Abstract

Abstract Abstract #6049 Background: The estrogen receptor (ER) coactivator amplified in breast cancer 1 (AIB1) has oncogene potentials and is believed to be of importance in breast cancer development and progression. Clinical trials implicate AIB1 to be a prognostic and a treatment predictive factor, although results have not been unanimous. This is to our knowledge the first report on AIB1's potential as a prognostic and/or a tamoxifen treatment predictive factor in a controlled randomised trial of tamoxifen vs no tamoxifen in premenopausal women.
 Patients and Methods: 349 premenopausal women with stage two breast cancer were randomised to tamoxifen for two years vs no tamoxifen independent of ER and progesterone receptor (PgR) status. Recurrence-free survival (RFS) was chosen as the primary outcome and the median follow-up for recurrence-free survivors was 14 years. Using a tissue microarray AIB1, ER and PgR were analysed with immunohistochemistry (IHC). Considering the proportion and intensity of stained nuclei, 56% of the tumours were considered as having high AIB1. Data on HER2 status and Nottingham histological grade (NHG) were available. Statistical methods used were X2-test, the Kaplan-Meier method, log rank test and Cox regression.
 Results: High AIB1 was found to correlate with other factors of worse prognosis (high HER2, high NHG and presence of lymph node metastases), as well as ER- and PgR-negativity. In the control arm, high AIB1 was a negative prognostic factor for RFS by univariate analysis (HR 1.6 p=0.02). In ER+ patients it remained a significant factor also in multivariate analyses including age, NHG, HER2, presence of lymph node metastases and tumour size (HR 1.8 p=0.03).
 Exploring the treatment predictive effect of AIB1, we found ER+ patients with high AIB1 to respond very well to tamoxifen treatment (HR 0.4 p=0.002), increasing RFS to the same levels as for systemically untreated patients with low AIB1. Statistical significance persisted also in a multivariate analysis (HR 0.3 p<0.001). Using a treatment interaction analysis, adjusted for other prognostic factors as above, we found that in ER+ patients the effect of tamoxifen was three times better in patients with high AIB1 than in those with low AIB1, a statistically significant difference ( p=0.007). ER+ patients with low AIB1 had a better RFS without treatment, but this was not further improved by tamoxifen (HR 0.9 p=0.8).
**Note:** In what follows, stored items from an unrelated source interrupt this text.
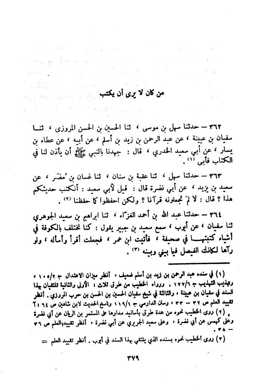 حَدَّثَنَا سَهْلُ بْنُ مُوسَى، ثَنَا الْحُسَيْنُ بْنُ الْحَسَنِ الْمَرْوَزِيُّ، ثَنَا سُفْيَانُ بْنُ عُيَيْنَةَ، عَنْ عَبْدِ الرَّحْمَنِ بْنِ زَيْدِ بْنِ أَسْلَمَ، عَنْ أَبِيهِ، عَنْ عَطَاءِ بْنِ يَسَارٍ، عَنْ أَبِي سَعِيدٍ الْخُدْرِيِّ قَالَ: «§جَهَدْنَا بِالنَّبِيِّ صَلَّى اللهُ عَلَيْهِ وَسَلَّمَ أَنْ يَأْذَنَ لَنَا فِي الْكِتَابِ فَأَبَى»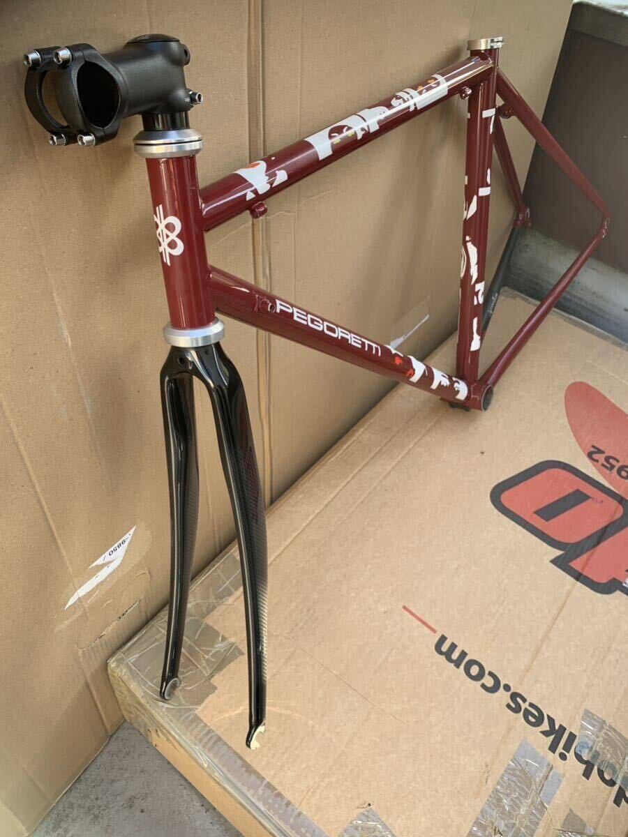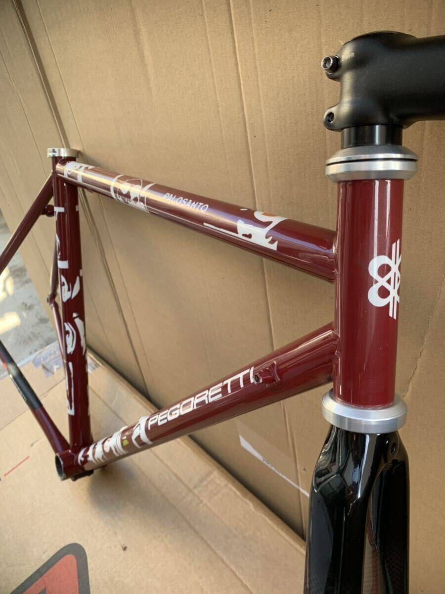 現在の綺麗な工房ではなく、小さな町でペゴレッティが1人が作っていた頃のハンドメイドイタリアンスチールフレームをお探しの方いかがでしょうか?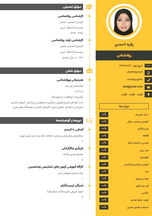 بخش «اطلاعات تماس در رزومه روانشناس»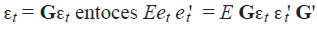 El problema aquí surge al identificar los valores no observados de Sin embargo, si se conocieran los valores de la matriz G. se pueden obtener los choques estructurales. Considerando, la matriz varianza/covarianza de los residuos:

 Discussion: In this randomized trial of premenopausal breast cancer patients, we have shown AIB1 to be both a prognostic and a treatment predictive factor in the ER+ subgroup. Previous clinical studies regarding AIB1 have not shown unanimous results. Discrepancies maybe explained by differences in methodology and cut-off, that previous studies were not based on randomized trials, and/or that only premenopausal patients were included in the present study. Citation Information: Cancer Res 2009;69(2 Suppl):Abstract nr 6049.